1. A 100 MW coal power plant will consume up to 300,000 tons of coal a year.

This amount of coal consumption will have by-products of:

  • 640,000 tons of carbon dioxide
  • 2000 tons of sulfur dioxide
  • 2000 tons of nitrogen oxide
  • 140 tons of carbon monoxide
  • 100 tons of small airborne particles
  • 45 tons of volatile organic compounds and hydrocarbons
  • 35 pounds of mercury
  • 45 pounds of arsenic
  • 22 pounds of lead, cadmium and other heavy metals.

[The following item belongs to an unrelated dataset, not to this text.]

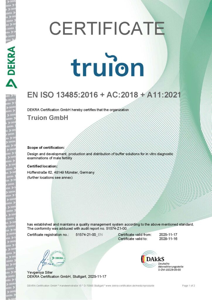 For us at Truion, this milestone is more than a certification β itβs a commitment. A commitment to delivering trustworthy and impactful solutions in male reproductive health and ensuring that our technologies consistently meet the rigorous expectations of patients, clinicians, and partners.

2. Seeing as a coal-fired power plant produces all that poison, it is not a surprise that these illnesses are present in communities close to coal-fired power plants:

  • Cancer
  • Lung dysfunctions
  • Respiratory obstruction and infection
  • Severe asthma attacks
  • Other parts of the body can also be affected by coal-derivative pollutants: central nervous system (brain, spinal cord), the circulatory system including the heart and the blood, the liver and the kidneys.

That's a whole lot of poison and a whole lot of body parts that can get affected, over time, by coal derivative pollution. One wonders what cost the Iloilo people paid in order to have stable electricity. Judging from these facts, it seems Iloilo paid through the nose; its people just doesn't feel the price they paid just yet.